La misión en este mundo del padre de Nguii era matar a seres humanos. Tenía una lanza, un arco y una flecha. No hablaba casi nada y cuando llegaba alguien para pedirle que matase a quien fuera por el motivo que fuese, se limitaba a escuchar, cobraba y después buscaba al individuo al que tenía que matar y le decía tan sólo:

—Tienes dos días para escapar.

Mientras tanto, se quedaba en su casa dedicándose a sus quehaceres. Al segundo día, se sentaba con sus hermanos en el abaá hasta el mediodía, cuando empezaba a preparar sus armas con tranquilidad y salía después sin decir nada a nadie. Dos horas después aparecía con la cabeza del ajusticiado y se la entregaba a su cliente sin más historias.

Los que le conocieron cuentan que tenía un hermano, tío Nguii, tan bello como poco juicioso. Éste, de nombre Nsue, se enamoró de la mujer de un vecino y durante todo el tiempo que duró aquello, el marido burlado estuvo tragándose la humillación hasta que se le ocurrió ahorrar dinero, ir al justiciero y decir:

—Estoy afrentado y necesito ayuda.

—¿Quién es? —preguntó el justiciero.

—Nsue, tu hermano.

El justiciero cobró porque ésa era su misión. Después buscó a su hermano, a quien de paso había advertido varias veces antes sobre aquel caso engorroso y le dijo:

—Tienes cuatro días para escaparte. Te voy a matar.

Hoy, los cuentistas trovadores aún cantan el llanto del muchacho y sus súplicas al hermano justiciero antes de escapar al bosque y no dejan de decir que durante los tres días y medio que aguardó el justiciero, se comportó como si nada estuviese ocurriendo. Era serio por naturaleza y su expresión no se alteró. Estuvo tranquilo como siempre hasta que, al cuarto día, cuando el sol marcaba la línea que separaba la mañana del mediodía, comenzó a preparar sus armas. Después salió y se adentró en la selva para, al cabo de media hora, regresar con la cabeza de su hermano.
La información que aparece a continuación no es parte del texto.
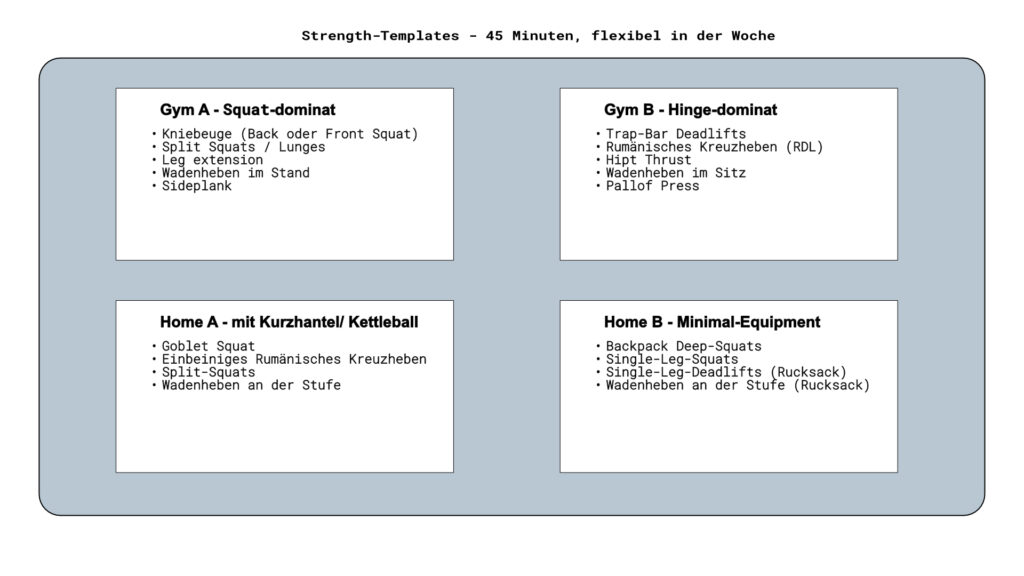 Die Grundidee sind zwei Kraft-Einheiten pro Woche, die sich wie Bausteine in jede Off-Season-Woche einfügen lassen – je nachdem, ob das Training im Gym oder zuhause stattfindet. Jede Session dauert ungefähr 45-60 Minuten und basiert auf fünf klaren Grundübungen. Für alle, die kein Studio-Abo haben oder viel unterwegs sind, gibt es passende Home-Varianten mit wenig Equipment. Die Gym-Templates A und B können im Wochenrhythmus einfach abgewechselt werden, zum Beispiel Dienstag: Gym A, Freitag: Gym B. Gleiches Prinzip für die Home-Varianten – A und B im Wechsel, angepasst an Wochenplan und Alltagsstress.

La aldea estaba completamente en silencio cuando le vieron llegar con la cabeza de su víctima-hermano y dirigirse a la vivienda del cliente. Pero, en vez de entregársela, sólo se la enseñó, entró con ella en su propia casa. Más tarde, reapareció y dijo al que le había mandado: —¡Toma! Te pago para que te escapes. Tienes quince días para buscar tu salvación. Tiró el dinero a los pies del enemigo y se fue al abaá, donde permaneció durante los quince días sin apenas comer, ni irse a dormir.

Al cabo de estos comenzó a preparar sus armas, después le vieron internarse en la selva y le vieron reaparecer al cabo de media hora con la cabeza de su víctima. La tiró en la puerta del abaá y acto seguido volvió a internarse en la selva sin que nadie volviese a saber de él. Se cuenta que después de mucho buscar, los hombres volvieron a la aldea sin haberle encontrado. Cuando se disponían a tocar los tambores de luto apareció una vieja misteriosa que dijo:

—No le cortéis los cabellos a la viuda. El hombre no está muerto. Sólo duerme en la profundidad de la selva. Aunque sus ojos se cubran de escarcha y el moho selle sus labios, no toquéis los tambores de luto.